## WHAT TO DO
Would you transcribe the entries below, beginning at the line with "Po stronie zawiasów" and ending after the line with "必赢626net入口首页、上", exactly, with no picture and nothing more?

## DATA IN THIS EXERCISE
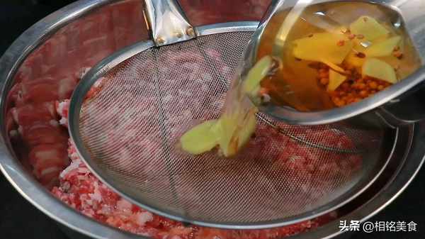 花椒水放凉以后过滤一下倒进肉馅里,先抓拌至水分吸收,再顺一个方向搅拌上劲。这个是午餐肉吃起来口感筋道的关键;
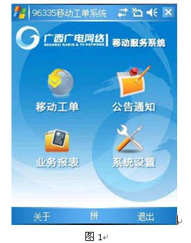 移動工單系統(tǒng)是數(shù)字電視客戶呼叫中心平臺系統(tǒng)的延伸,它結合最新的網(wǎng)絡移動技術,實現(xiàn)數(shù)字電視服務工單分派業(yè)務的自動流轉和實時流轉,各地市維護站的服務工作人員通過智能手機終端,實時獲取工作任務、計劃安排,進行業(yè)務處理,通過移動網(wǎng)絡查詢客戶信息、查詢用戶產(chǎn)品訂購資料,上報處理結果和用戶反饋信息,通過移動網(wǎng)絡提交到管理部門,管理層能及時的掌握服務進展情況,并能隨時做出決策和指揮,真正實現(xiàn)對用戶最快速、有效的服務需求響應,保證了服務質量和用戶滿意度,提升了數(shù)字電視的服務水平與服務檔次。其界面如圖1所示。
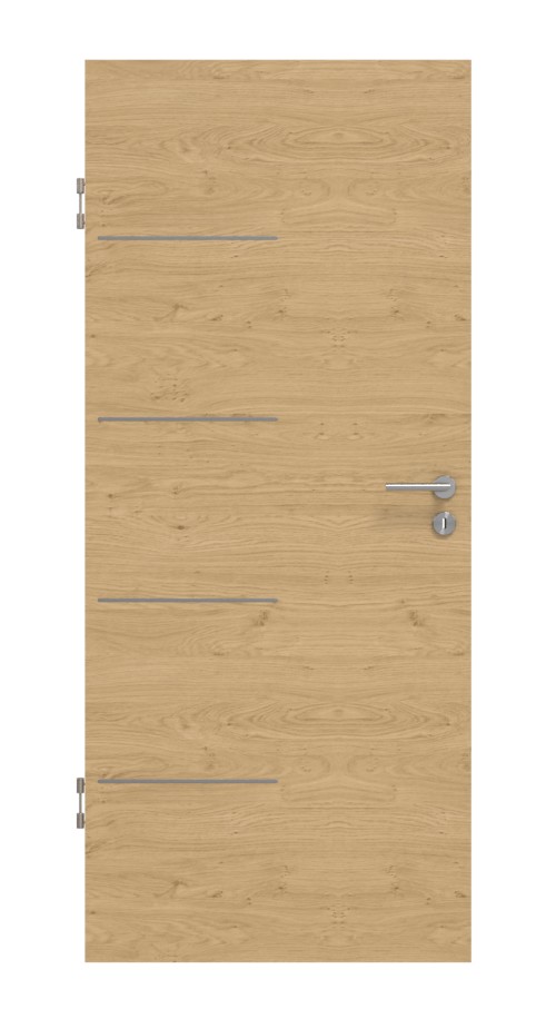 Po stronie zawiasów cztery eleganckie lizeny zdobią skrzydło drzwiowe. Przytulny wygląd drewna dekoru Authentic Asteiche zyskuje nowoczesny charakter dzięki wzdłużnemu przebiegowi słojów. Nowoczesny komfort pielęgnacji oraz wysoka odporność na zarysowania i uderzenia to dodatkowe cechy charakterystyczne powierzchni CPL.
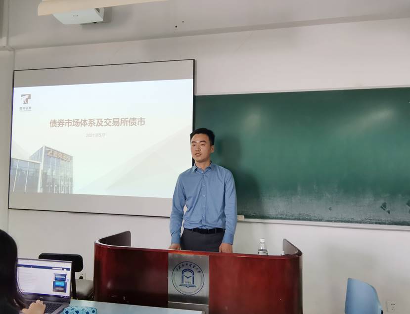 必赢626net入口首页、上海证券交易、上海市证券同业公会、德邦证券四方合作的课程《证券市场前沿与实务》第四期讲座于2021年5月27日下午在必赢626net入口首页如期举办。本期讲座由德邦证券固定收益总部联席总经理张坤和德邦证券投资者教育专员吴庆成老师,分别做了题为《债券市场体系及交易所债市》的讲座和“防范非法校园贷”宣传。来自全校的50余名师生参加了本场专题讲座,活动取得了良好的效果。
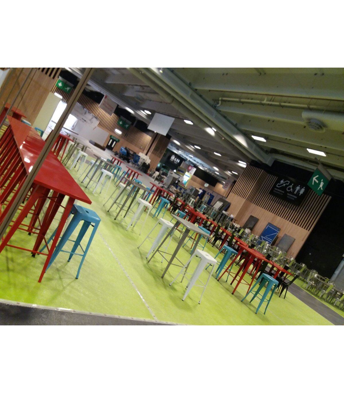 Le tabouret haut métal rouge assise 76 cm trouve facilement sa place dans un espace de networking, un corner de présentation produit ou une zone de dégustation. Sa couleur vive fonctionne particulièrement bien dans les environnements monochromes ou à dominante sombre, pour créer un point focal visuel. Associé à une table haute noire, bois clair ou acier brut, il permet de composer une scénographie impactante dans un salon professionnel, un lancement de produit ou une soirée d’entreprise.
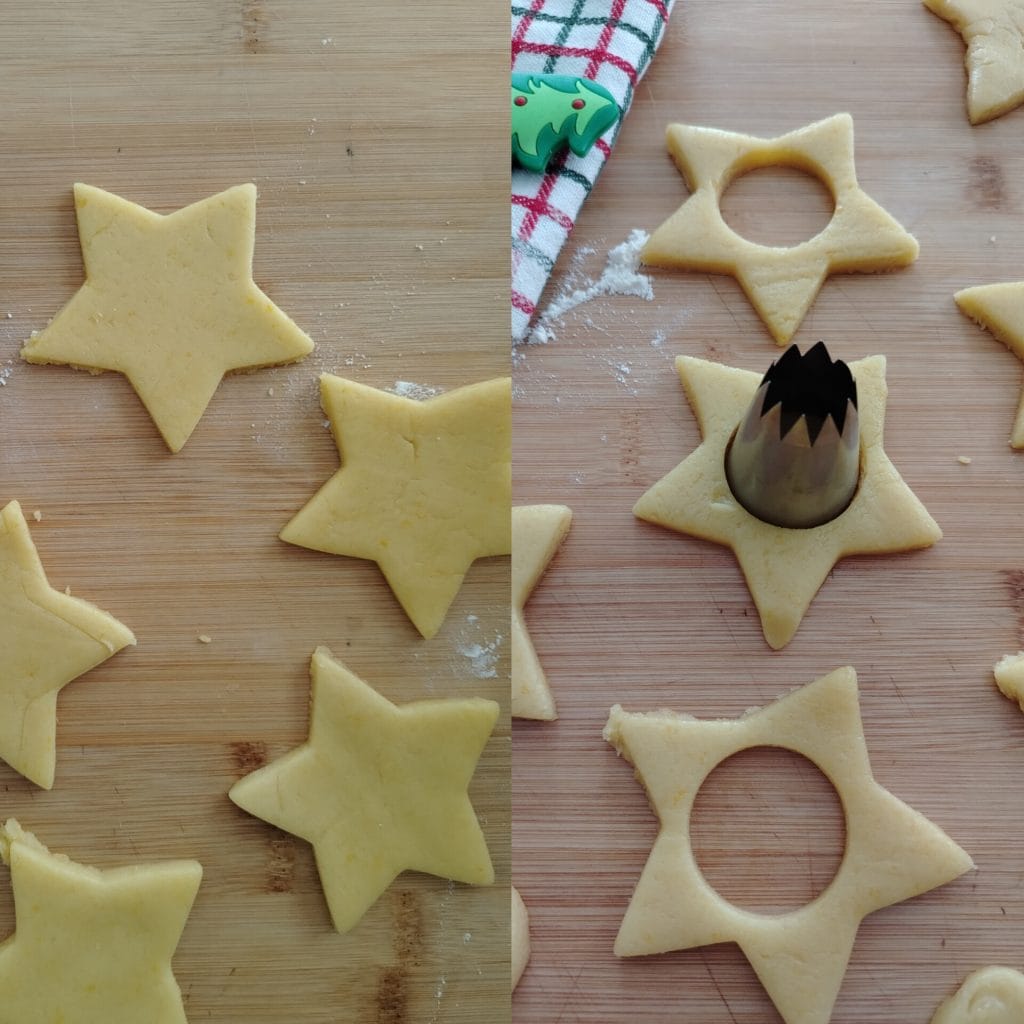 Het bereiden van deze koekjes is echt eenvoudig: meng gewoon alle ingrediënten, rol het deeg uit en snijd de sterren met de specifieke vormpjes. Maak dan het klassieke gaatje in het midden, bak ze 15 minuten en als ze afgekoeld zijn, vul ze met jam of nutella voor een nog lekkerder resultaat.
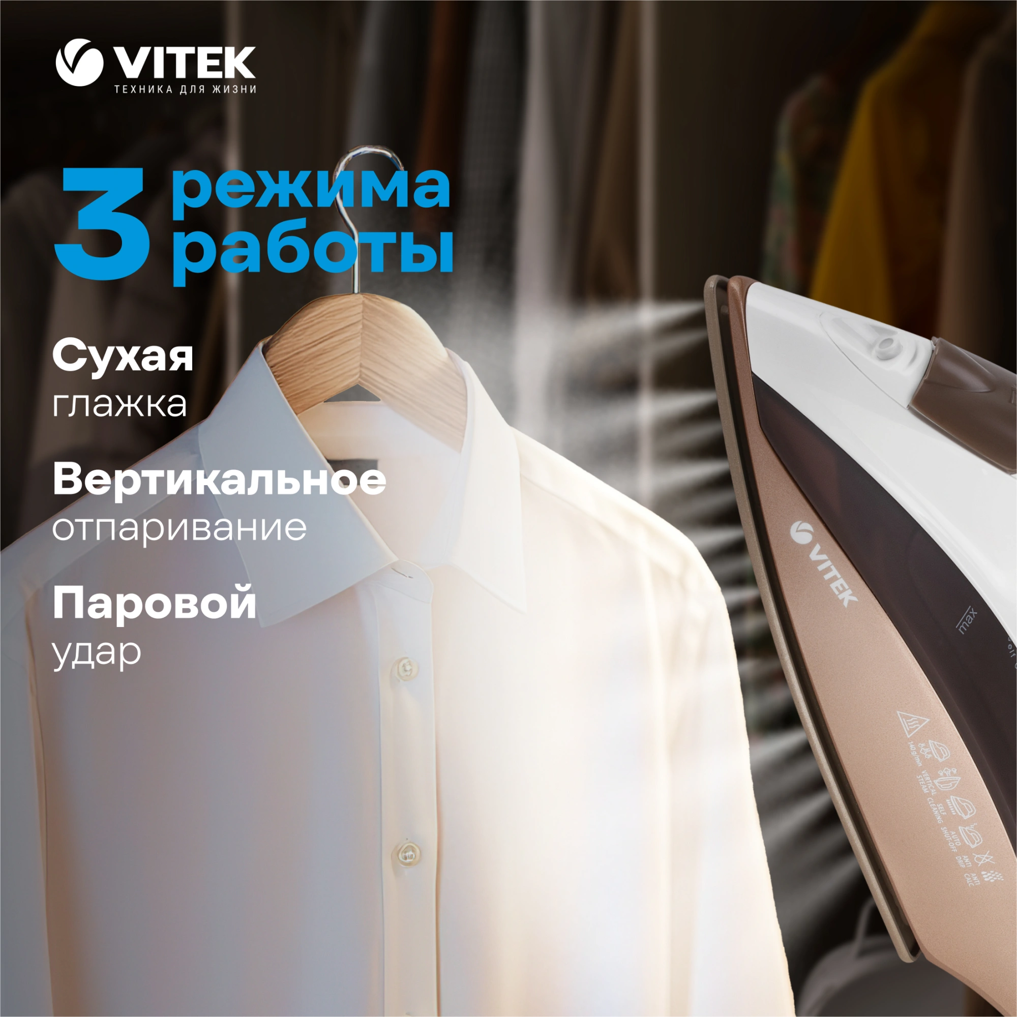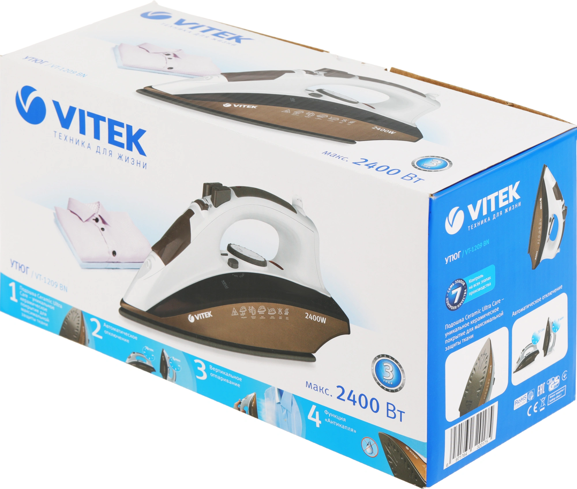 Утюг VITEK VT-1209 с керамической подошвой прост в эксплуатации и обслуживании. Благодаря умным функциям глажка превратится в удовольствие. Автоматическое отключение делает прибор еще безопаснее.

## ANSWER FOR THE TASK
 Po stronie zawiasów cztery eleganckie lizeny zdobią skrzydło drzwiowe. Przytulny wygląd drewna dekoru Authentic Asteiche zyskuje nowoczesny charakter dzięki wzdłużnemu przebiegowi słojów. Nowoczesny komfort pielęgnacji oraz wysoka odporność na zarysowania i uderzenia to dodatkowe cechy charakterystyczne powierzchni CPL.
 必赢626net入口首页、上海证券交易、上海市证券同业公会、德邦证券四方合作的课程《证券市场前沿与实务》第四期讲座于2021年5月27日下午在必赢626net入口首页如期举办。本期讲座由德邦证券固定收益总部联席总经理张坤和德邦证券投资者教育专员吴庆成老师,分别做了题为《债券市场体系及交易所债市》的讲座和“防范非法校园贷”宣传。来自全校的50余名师生参加了本场专题讲座,活动取得了良好的效果。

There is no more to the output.